» **EXERCISE GOAL**:
From the line containing "近日,由陕西省人力资源和社会" down to the line containing "予定よりも早く鋸山の麓の美術", copy out the entries below exactly, both lines included, and nothing else; pictures do not belong in the copy.

» **DATA EXTRACTS**:
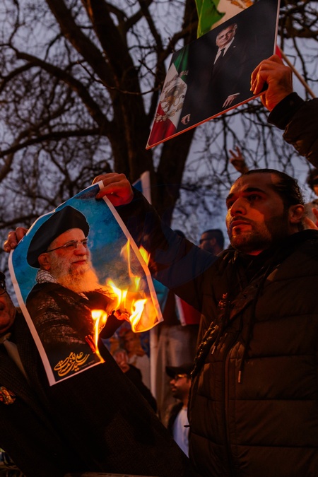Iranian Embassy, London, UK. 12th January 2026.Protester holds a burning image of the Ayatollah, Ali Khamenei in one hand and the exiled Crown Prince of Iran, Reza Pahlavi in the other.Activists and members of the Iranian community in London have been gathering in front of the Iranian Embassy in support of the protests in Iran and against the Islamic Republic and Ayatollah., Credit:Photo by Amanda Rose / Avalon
---
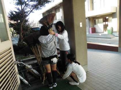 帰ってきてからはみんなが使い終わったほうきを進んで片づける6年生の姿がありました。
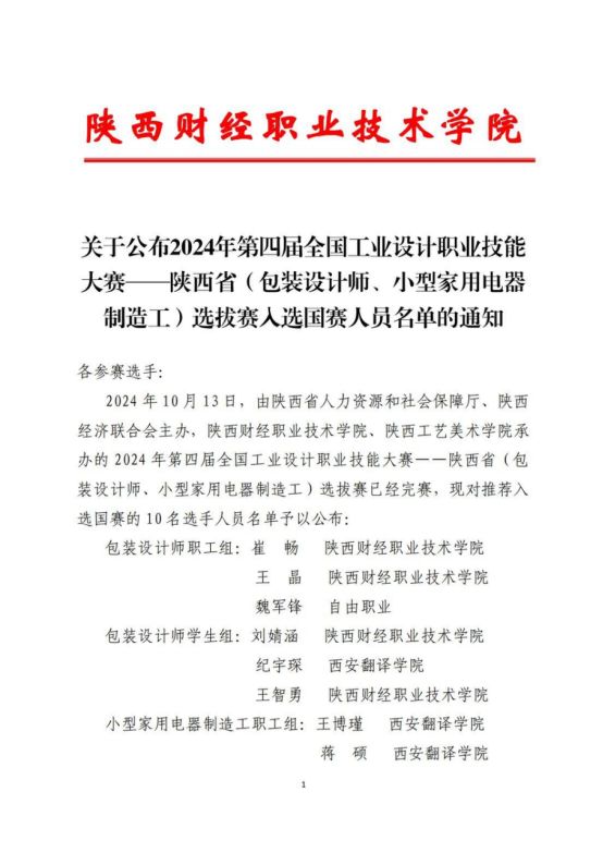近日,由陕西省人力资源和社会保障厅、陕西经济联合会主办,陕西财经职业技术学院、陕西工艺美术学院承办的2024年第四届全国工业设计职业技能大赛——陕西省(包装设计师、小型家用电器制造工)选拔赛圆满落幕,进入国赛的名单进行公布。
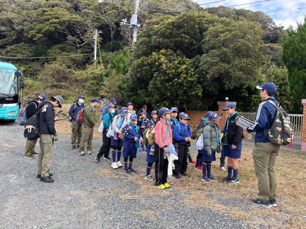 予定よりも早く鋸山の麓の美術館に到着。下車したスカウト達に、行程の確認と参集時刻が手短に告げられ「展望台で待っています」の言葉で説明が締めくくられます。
==
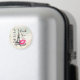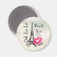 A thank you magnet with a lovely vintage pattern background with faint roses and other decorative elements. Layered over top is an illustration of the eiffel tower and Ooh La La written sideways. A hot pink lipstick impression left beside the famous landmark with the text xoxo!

» **RESPONSE AREA**:
近日,由陕西省人力资源和社会保障厅、陕西经济联合会主办,陕西财经职业技术学院、陕西工艺美术学院承办的2024年第四届全国工业设计职业技能大赛——陕西省(包装设计师、小型家用电器制造工)选拔赛圆满落幕,进入国赛的名单进行公布。
 予定よりも早く鋸山の麓の美術館に到着。下車したスカウト達に、行程の確認と参集時刻が手短に告げられ「展望台で待っています」の言葉で説明が締めくくられます。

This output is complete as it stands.